====== Exercise data ======

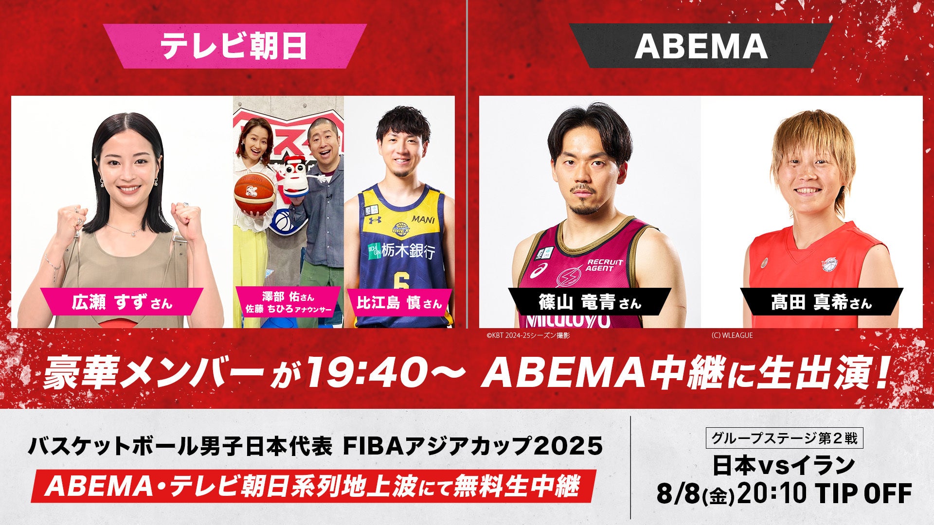 「ABEMA」・テレビ朝日がFIBAアジアカップ2025『日本vsイラン』にて“放送の垣根”を越えた共同中継を実施!「ABEMA」初登場の広瀬すずに加え、比江島慎・澤部佑ら豪華ゲストが集結
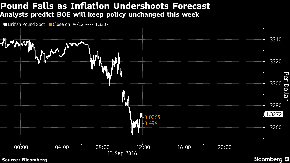 Фунт падал против большей части из 16 основных валют после выхода данных о том, что рост потребительских цен соответствовал показателям прошлого месяца, которые были максимальными с конца 2014 года. Банк Англии, сокративший ключевую процентную ставку и расширивший программу закупок облигаций в прошлом месяце, как считают аналитики, сохранит меры стимулирования неизменными 15 сентября. Аналитики заявили, что инвесторы и трейдеры также продавали фунт после недавнего ралли перед заседанием ФРС и Банка Англии на следующей неделе.
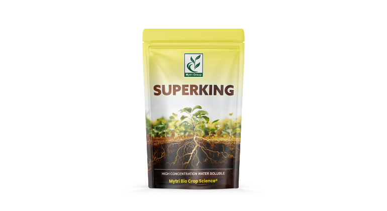 सुपरकिंग हे एक अद्वितीय शायनी फ्लेक्सचे संयोजन आहे. यामध्ये नैसर्गिक घटक आहेत जे पिकांची रोग प्रतिकारशक्ती वाढवतात आणि वाढीची क्षमता सुधारतात. या उत्पादनाचा फवारणीने पिकांचे मुळांचे विकास मोठ्या प्रमाणात वाढतो.ऊस, कापूस, भाजीपाला, गहू, मका आणि भात यांसारख्या पिकांवर सुपरकिंग फवारल्यास उत्कृष्ट परिणाम दिसून येतात.सुपर किंग हे पिकांची वाढ व उत्पादनक्षमता वाढवण्यासाठी खास तयार केलेले उच्च प्रतीचे पाण्यात विरघळणारे पोषक द्रव्य आहे .हे आवश्यक सूक्ष्म व स्थूल अन्नद्रव्ये पुरवते, ज्यामुळे मुळांची वाढ, फुलोरा आणि फळधारणा सुधारते.संतुलित पोषणामुळे पिके प्रतिकूल परिस्थितीला अधिक चांगल्या प्रकारे तोंड देतात आणि उत्कृष्ट गुणवत्तेचे अधिक उत्पादन मिळते.
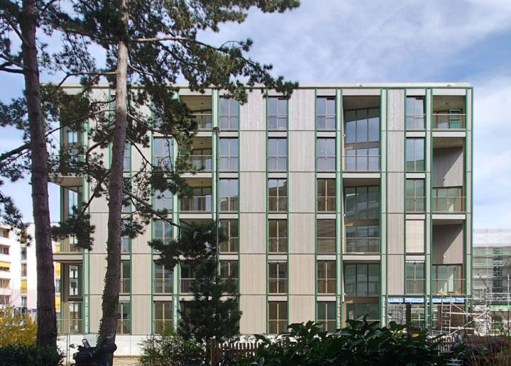 Le volume forme l’angle nord-ouest de l’îlot, profitant de multiples orientations. Au rez-de-chaussée, le bâtiment offre une traversée reliant le chemin des Bossons et la cour de la pièce urbaine. Ce passage couvert constitue un seuil entre l’espace public et l’intériorité des logements. À la fois lien et lieu, espace de rencontres, abritant vélos et boîtes aux lettres, il donne accès au hall d’entrée de l’immeuble. La cage d’escaliers dessert six logements par étage. Dans les appartements d’angle, une zone de l’espace de vie jouit d’une double-hauteur qui se prolonge sur la loggia. La générosité des espaces à double-hauteur et les ouvertures qu’ils offrent sur l’extérieur confèrent un caractère singulier aux logements. La structure du bâtiment est composée de poteaux et de dalles en béton armé, alors que l’enveloppe est constituée d’une ossature en bois revêtue de bardage. La façade exprime le jeu des volumes intérieurs par son dessin régulier interrompu au droit des doubles-hauteurs.

======

## Goal of the exercise
Please give back exactly, and with no pictures, the lines from where the listing above begins through the line containing "सुपरकिंग हे एक".

## Your solution
 「ABEMA」・テレビ朝日がFIBAアジアカップ2025『日本vsイラン』にて“放送の垣根”を越えた共同中継を実施!「ABEMA」初登場の広瀬すずに加え、比江島慎・澤部佑ら豪華ゲストが集結
 Фунт падал против большей части из 16 основных валют после выхода данных о том, что рост потребительских цен соответствовал показателям прошлого месяца, которые были максимальными с конца 2014 года. Банк Англии, сокративший ключевую процентную ставку и расширивший программу закупок облигаций в прошлом месяце, как считают аналитики, сохранит меры стимулирования неизменными 15 сентября. Аналитики заявили, что инвесторы и трейдеры также продавали фунт после недавнего ралли перед заседанием ФРС и Банка Англии на следующей неделе.
 सुपरकिंग हे एक अद्वितीय शायनी फ्लेक्सचे संयोजन आहे. यामध्ये नैसर्गिक घटक आहेत जे पिकांची रोग प्रतिकारशक्ती वाढवतात आणि वाढीची क्षमता सुधारतात. या उत्पादनाचा फवारणीने पिकांचे मुळांचे विकास मोठ्या प्रमाणात वाढतो.ऊस, कापूस, भाजीपाला, गहू, मका आणि भात यांसारख्या पिकांवर सुपरकिंग फवारल्यास उत्कृष्ट परिणाम दिसून येतात.सुपर किंग हे पिकांची वाढ व उत्पादनक्षमता वाढवण्यासाठी खास तयार केलेले उच्च प्रतीचे पाण्यात विरघळणारे पोषक द्रव्य आहे .हे आवश्यक सूक्ष्म व स्थूल अन्नद्रव्ये पुरवते, ज्यामुळे मुळांची वाढ, फुलोरा आणि फळधारणा सुधारते.संतुलित पोषणामुळे पिके प्रतिकूल परिस्थितीला अधिक चांगल्या प्रकारे तोंड देतात आणि उत्कृष्ट गुणवत्तेचे अधिक उत्पादन मिळते.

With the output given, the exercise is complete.